About Arab women

David Tresilian , Tuesday 23 Aug 2022

This year’s Arab History Days at the Arab World Institute in Paris explored women and gender in the Arab world, writes David Tresilian


This year’s set of Arab History Days, the eighth, taking place at the Arab World Institute in Paris over the long weekend of 10, 11, and 12 June, took women and gender in the Arab world as its theme, exploring issues relating to both and drawing on material from the present and the recent or more distant past.

Starting in 2015, the History Days have established themselves on the Paris calendar as an annual opportunity for French and European audiences to gain an overview of some of the issues animating academic discussion of the Arab world in France, as well as to learn about each year’s crop of new French publications.

Previous years have focused around themes such as the Arabs and the world in 2021, revolts and revolutions in 2020, and the body in 2019, and in addition to the History Days being an opportunity for academic and other authors to present their work to the general public, they also host the Grand Prix of the Arab World Institute. Awarded with the sponsorship of the Institute and the Moroccan Royal Academy, the announcement of the annual Prize is a highlight of the first Day’s meetings.

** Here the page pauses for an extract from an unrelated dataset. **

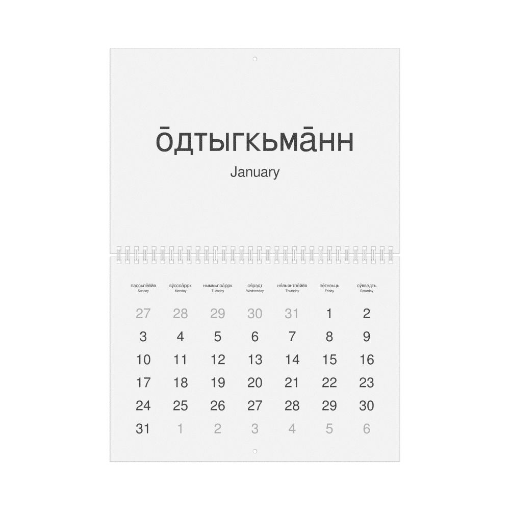 2027 Wall Calendar, Kildin Sámi-Labeled, Monday-Start Layout, Wire-Bound, 11.7 x 8.3 in (29.7 x 21.0 cm)

This year’s History Days took place on a weekend of early summer sunshine in Paris, with the plaza in front of the Arab World Institute on the left bank of the Seine attracting skateboarders, tourists, and speakers and audience members from the History Days, the latter no doubt grabbing a moment out from the busy schedule of lectures, roundtable discussions, and presentations taking place within the Institute’s signature glass-and-aluminium building.

Much of the difficulty for those attending was deciding which individual events to attend. With four taking place simultaneously in different parts of the building, choices had to be made. This was all the more the case this year, since unlike during previous editions of the History Days the discussions were not being broadcast on the radio station France Culture – perhaps they will be again in future years – and there was only limited live-streaming.

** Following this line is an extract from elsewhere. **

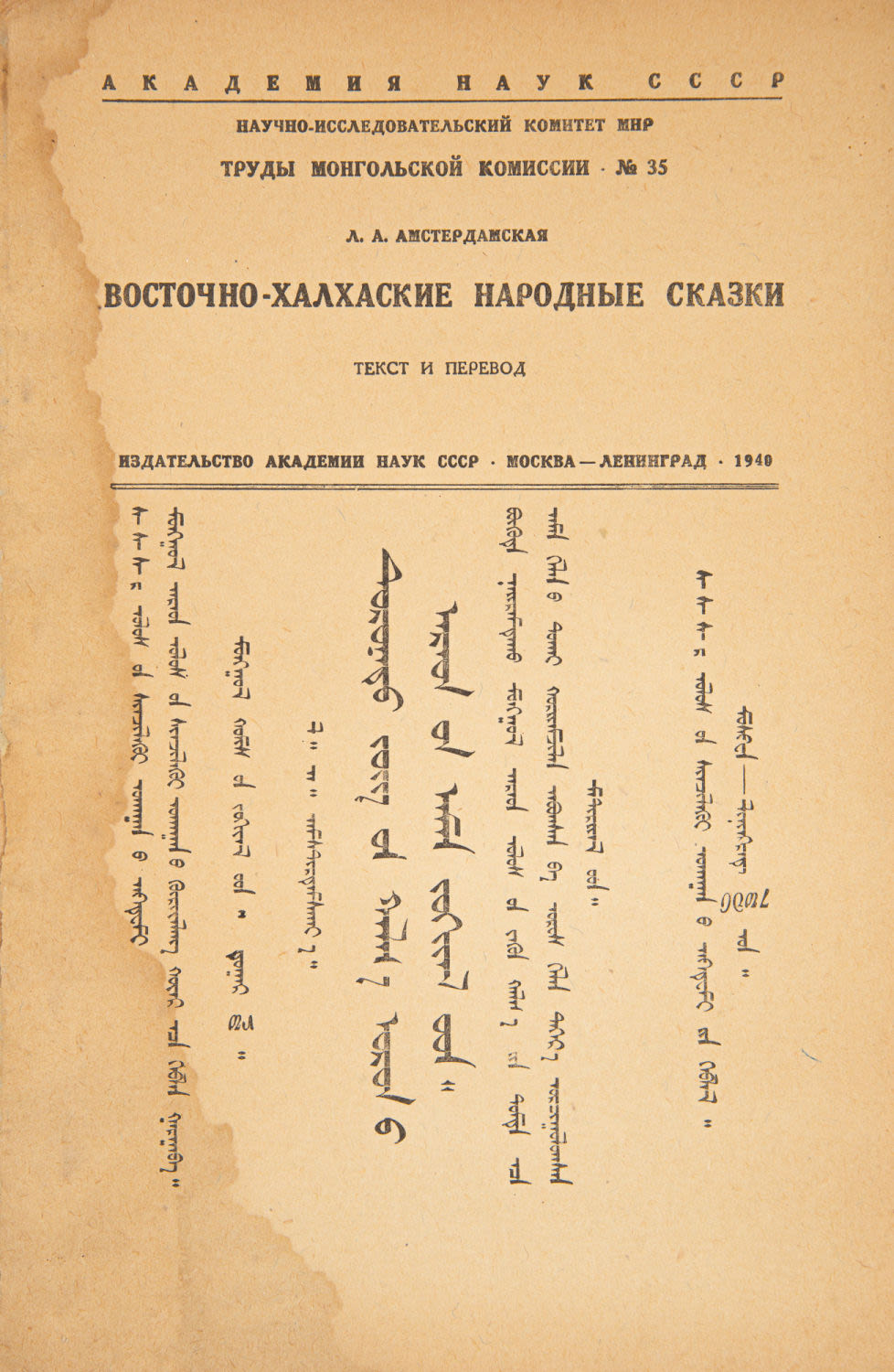 М.; Л.: Изд-во Академии наук СССР, 1940. – 63, [1] с.; 25,5х17 см. (Труды Монгольской комиссии; №35).

Three events on the first day of the History Days caught the Weekly’s eye, presenting the kind of mix that makes the occasion as a whole so rewarding. As was the case in previous years, the theme itself had been broadly interpreted, with women and gender allowing everything from a discussion of contemporary feminism in the Arab Maghreb states of Algeria, Morocco, and Tunisia to a lecture on the harem in pre-modern Morocco, followed in the evening by the presentation of this year’s Prize.

On the second day, there were discussions of Arab women in the Middle Ages, women’s participation in the Algerian War of Independence, and 19th and early 20th-century women’s magazines in the Arab world. They once again presented a mix of contemporary and considerably older history, with speakers working on various periods and areas of Arab history sharing the results of their research with a wider public than the one they might ordinarily reach.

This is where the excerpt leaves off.